8: another concert relic, this one from explosions in the sky. this was another particularly inspiring show that reminds why you like music and why you pay so much to see it played live. explosions has great artwork for their albums, and their t-shirts are right on par with their best stuff. they had several really cool designs, and i think my friends and i all managed to pick up a different one. this one, though, was my favorite. the idea--a couple is lifted, floating, by their kiss, or by love--is great already, but i think the way their limbs are hanging, and especially the guy's tie, are what make this shirt really great. they're either weightless or they're defying gravity, and either one sounds pretty good to me.
when i was in spain, this t-shirt was a pretty reliable way to identify study abroad kids. as the palest, blondest, least hispanic-looking person in most of the places i went, the last thing i needed was more help outing myself as a tourist. plus i would have just felt like a tool wearing it around. i mean, EVERYBODY was doing it! so i didn't buy one. and then i got home, and i realized a pretty substantial fact: i was no longer in spain, and thus no longer studying abroad, and thus no longer a part of a very visual minority (whose majority i had sought to avoid). so i regretted not purchasing the famous osborne bull shirt, and when aaron went to spain for the second time this year, i made sure not to make the same mistake twice, and i asked him to bring me one home. as far as the article itself, it's a classic. look at that anatomically correct bull, standing so proud and defiant! and the red...it is (quint)essentially and (arche)typically spanish, which is obviously a good thing. obviously!

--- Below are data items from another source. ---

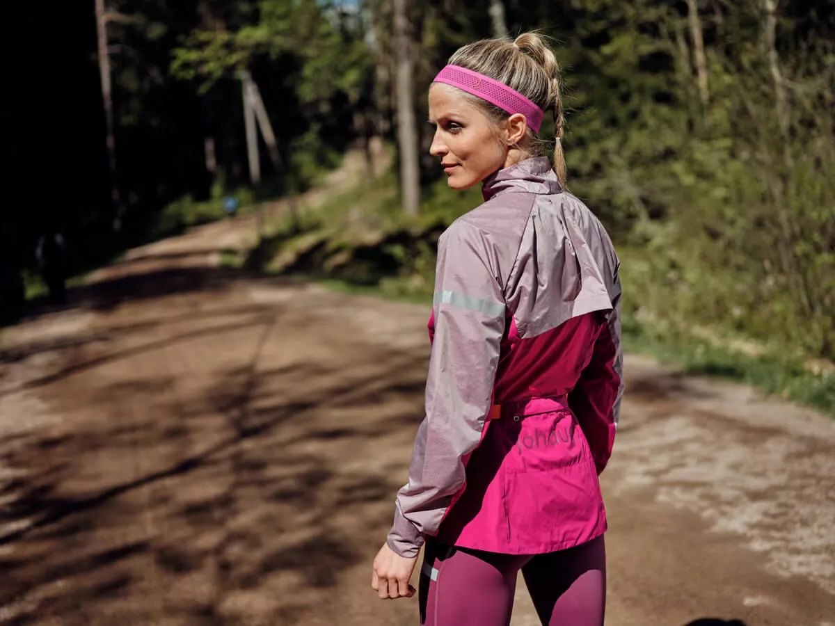 Feminin, teknisk og funksjonell løpejakke fra Johaug. Perfekt til aktive dager.
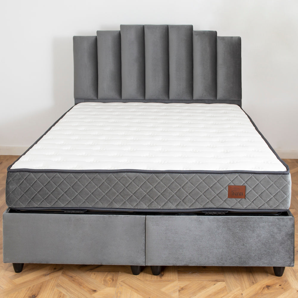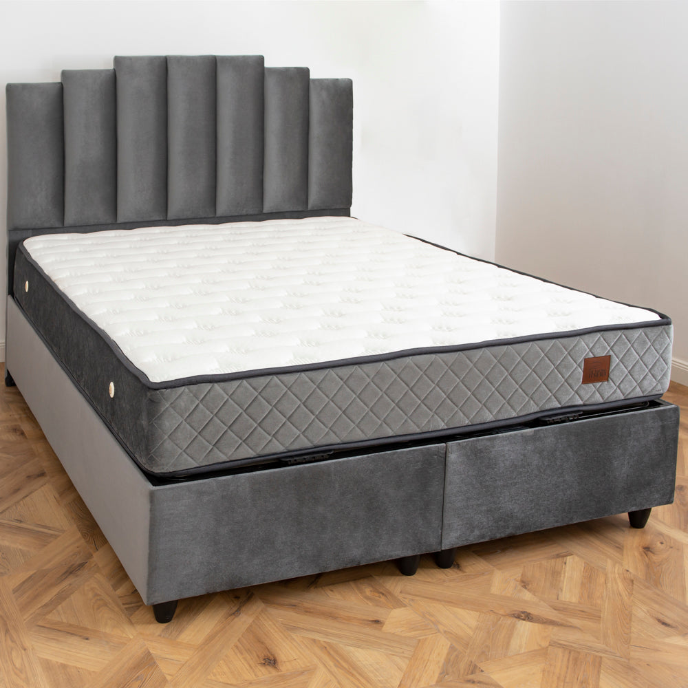Patul este realizat din materiale de înaltă calitate, tip catifea. Are un design special realizat pentru a vă oferi maximum de confort în fiecare seară. Este mai mult decât practic și confortabil, fiind o piesă de bază în amenajarea dormitorului tău, decorându-l cu rafinament și bun gust. O dată amplasat, te poți bucura de o atmosferă primitoare și intimă, care te invită la ore întregi de somn odihnitor. Lada de depozitare este foarte practică și ușor de accesat.
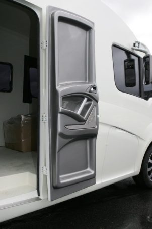 Après des mois d'efforts (1 200 heures de travail), l'Atalante trônait fièrement devant le stand du constructeur de Sérézin du Rhône (69). Habillé d'un superbe blanc nacré (le même que sur la Citroën DS4), cet intégral cache une conception high-tech. Sa cellule monobloc autoportante, en fibre de carbone côté cabine et en polyester côté cellule, ne pèse que 530 kg. Elle bénéficie d'une isolation complète en polyuréthane et repose sur un solide châssis d'Iveco Daily (5,5 t). L'Atalante peut aussi utiliser celui d'un Mercedes Sprinter. Puissant (205 ch avec le 3,0 TD italien), moderne (phares au xénon d'Audi R8 et feux à leds de Lancia Ypsilon) et compact (2,20 m de large), ce véhicule peut disposer au choix d'une longueur variable (entre 5,60 m et 8 m), d'une porte côté chauffeur et de baies vitrées placées à votre convenance. Comptez quand même 165 000 € pour un véhicule sans agencement, en version deux roues motrices (transmission 4x4 en option). C'est l'entreprise Brisebras qui, suivant les goûts et le budget du futur acquéreur, se chargera de l'aménagement sur mesure.
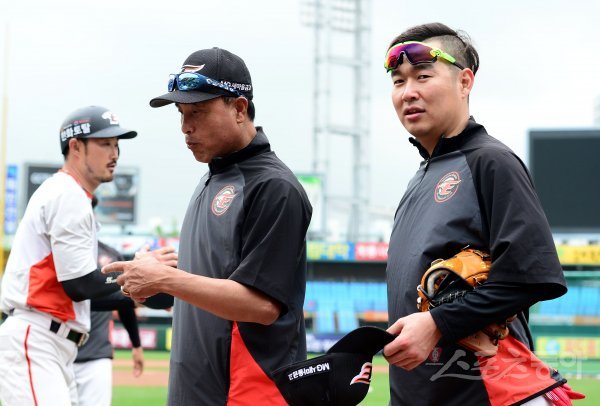 2일 대전 한화생명이글스파크 ‘2018 신한은행 마이카 KBO리그’ 한화 이글스와 LG 트윈스의 경기가 열린다. 경기 전 한화 송은범이 송진우 코치와 이야기를 나누고 있다.
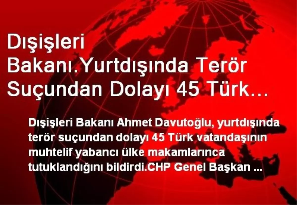 Dışişleri Bakanı Ahmet Davutoğlu, yurtdışında terör suçundan dolayı 45 Türk vatandaşının muhtelif yabancı ülke makamlarınca tutuklandığını bildirdi.
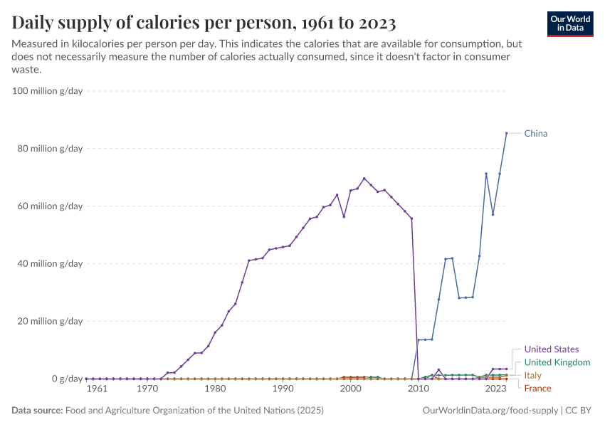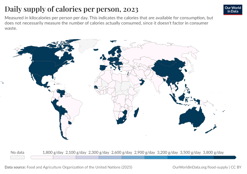 Max Roser, Hannah Ritchie, and Pablo Rosado (2013) - “Food Supply” Published online at OurWorldinData.org. Retrieved from: 'https://refactor-hide-legend.owid.pages.dev/food-supply' [Online Resource]BibTeX citation
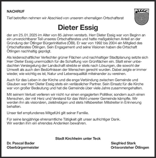 Nachruf Dieter Essig
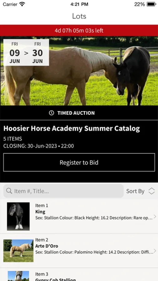 Hoosier Horse Academy, located in Danville, IN, specializes in finding the perfect horse to suit your needs. With the HHA app, you can preview, watch and bid in our auctions from your mobile / tablet device. Participate in our sales while on-the-go and gain access to our following features:
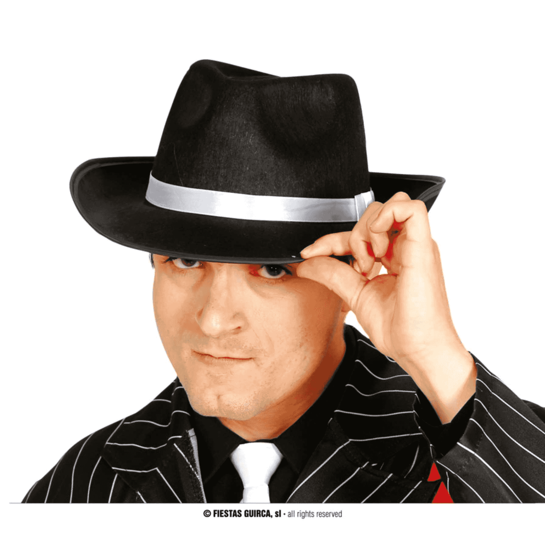 Sombrero Gánster Negro Con Cinta Blanca
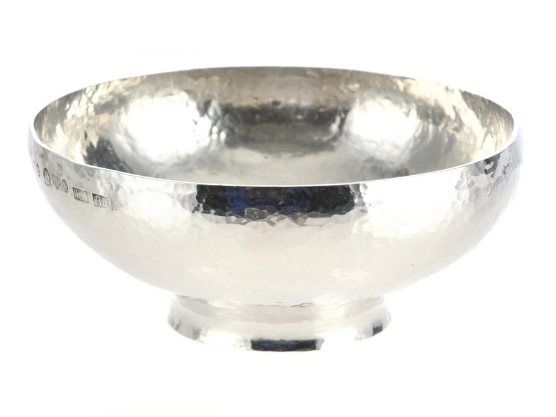 SKÅL, sterlingsilver, hamrad yta, Hans Wigardt, Stockholm 1976, höjd 5 cm, diameter 11,5 cm, vikt 208,2 g.
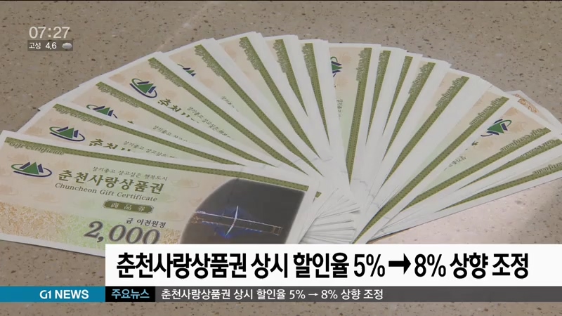 춘천시는 춘천사랑상품권의 상시 할인율을 현행 5%에서 다음달 3일부터 8%로 상향 조정한다고 밝혔습니다.

andrew lawton and i spent 48 minutes together every day just after lunch experiencing some of the most profound and intense moments of boredom and frustration we will probably ever suffer through while "learning" about our great nation. as a sort of escape from a pretty miserable pedagogical nightmare, we imagined what life would be like for the first US astronauts to live on the mir space station. this led to the invention of two russian cosmonauts, yuri and dmitry, who were a strange combination of the ambiguously gay duo, hanz and franz from saturday night live, and....come to think of it, the borat character, who at that time had not yet been invented. in character, we complained about "ze american peeg dohgs" and their horrible capitalistic system of commerce. andrew went away for college, but made second semester of my freshman year just a little bit better by coming home that winter and bringing with him matching shirts, one with "yuri" on the back and the other with "mitya". it was like team communism had jerseys or something--i was elated. my enthusiasm for actually wearing this shirt diminished when i realized my parents and other people their age probably were not going to stop looking at me like some kind of subversive (slash terrorist) when i wore it, but i still think it's a great t-shirt.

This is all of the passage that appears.